I’ve been reading lots of comments from preschool teachers recently that, on reflection, make me wonder why some educators find it so difficult to display the kinds of traits we want to see in the children we work with. Traits such as compassion, understanding, empathy and a sense of curiosity. It also makes me wonder if they are even aware of their thinking patterns. It’s difficult to read comments online and not judge, especially without more background information. However, I think this is a great metaphor for early childhood education and how we need to deep dive to find the underlying background information to find out what children are discovering.
And the best way to do this? Let. Them. Play. (quelle surprise!)
For some educators, this mindshift is the first hurdle. They might say, “I love working with children, they’re just so cute! They play all day!” It is true, they’re probably super cute, but that is not enough. Do THEY really play all day? Or do you provide playful activities for them to complete? What do you do all day? Do you play?

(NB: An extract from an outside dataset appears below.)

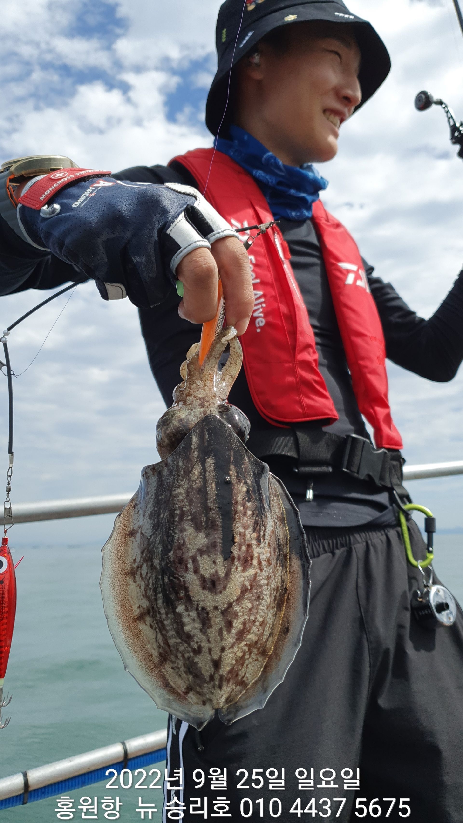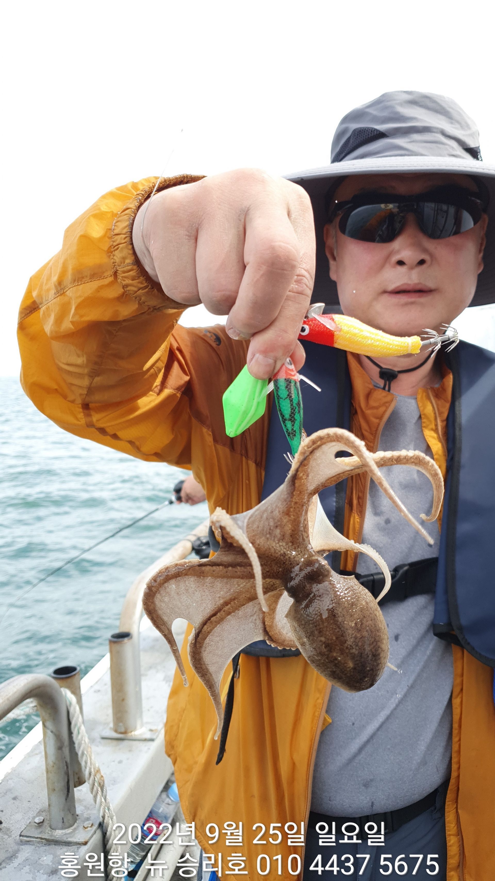 안녕하세요?홍원항 요포낚시입니다!!^^위풍당당^^ 뉴~ 승리호 김선장님 갑오징어&쭈꾸미 망태기는 터질듯 빵~빵~ 한 조황입니다!!이제는 갑오징어도 잘나와 주어서 1인 2망태기는 낚시좀 하신다면 충분한 조황입니다~~오늘은 무임승선한 문어가 선상의 즐거움을 더해주는군요^^^^^^이러한 조황이 홍원항 조황입니다!! 그러하니 조황확인 하시고  쭈꾸미 선비만 받고 갑오징어 낚시를 병행출조 하는 요포낚시로 동참해 주세요!!오늘도 대~박~~ 조황에 수고하신 조사님들 안녕히 가세요!!*****내일(26일) 약한 사릿물 이라서 갑오징어 사냥에 아~주~~ 좋아요!! (동참 하실분은 연락 주세요!!)*****
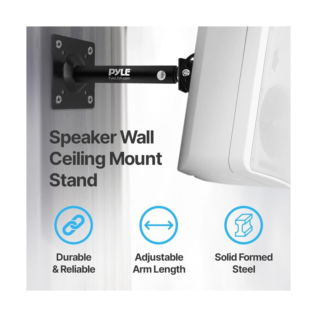 The Pyle Dual Wall / Ceiling Speaker Mounts (PSTNDC31) offer a versatile and secure solution for mounting your speakers. These universal mounts are designed to safely hang speakers on any flat surface, whether it's a wall or ceiling. Made from heavy-duty reinforced solid formed steel, they provide reliable support and stability for your audio equipment.

You have to have a genuine, heartfelt interest in each individual child so you can actively seek out what makes them curious, what makes them wonder, what brings them pure joy…what makes them light up. When you find out what makes them tick, you change the whole game of learning, behaviour and teaching.
There are several practices you can do (and are probably already doing!) to help discover more about the children in your care with a nod to building connection. There are simple getting to know you activities that you might do at the beginning of the school year – all about me tasks, family meetings, home visits etc. These are all great places to start, but they are worthless if they are just used as a format to check off to say “Look at us! We are finding out about this individual child and doing family engagement!” If your birthday board is only used for your reference, the magic of childhood isn’t there. If your classroom has a stick hanging above the art table because you liked it when saw it on Pinterest, take it down. No magic there. Only reading one book a day that you choose at story time because that’s the time you need everyone to sit down together? Reading a book on the carpet while your assistant takes children individually away to complete an art activity? You might as well just set the rabbit from your top hat free and dismantle your wand.
You have to walk the walk if you are going to talk the talk!
You can’t say, “Everybody is welcome in our class!” if you send children home when they display challenging behaviour.
You can’t say, “We have an open door policy for parents” if you try to kick them out (or sneak them out!) as their child is screaming and crying for them at drop-off.
You can’t say, “We teach the children through play” if all your centers are set up with teacher-led activities you designed before the children even get a toe in the door.
But all is not lost. Educators can (and should be) constantly learn and grow from and with the children in their care. Using the skills of compassion, connection and curiosity – the building blocks of relationships – will create the foundation needed for a community of inspired co-learners. But the change has to start with you, that shift to where the child is at the heart of everything.
What do you notice when you look around your classroom? Be objective and stick to the facts. Now, what do you think about what you see? What do you think is happening? Can you back up what you think with evidence? Finally, what do you wonder? How could you use the skills of compassion, kindness and empathy in your classroom to provide a platform for these wonderings?
Stay curious and the door to children’s magical worlds will remain open, complete with a signed invitation to step inside. Are you ready to open that door? It can be a scary world out there when the children are ‘just’ playing (*eye twitches at the word just), but I am here to hold your hand and guide you through to the other side of that door. Play IS the magic of childhood.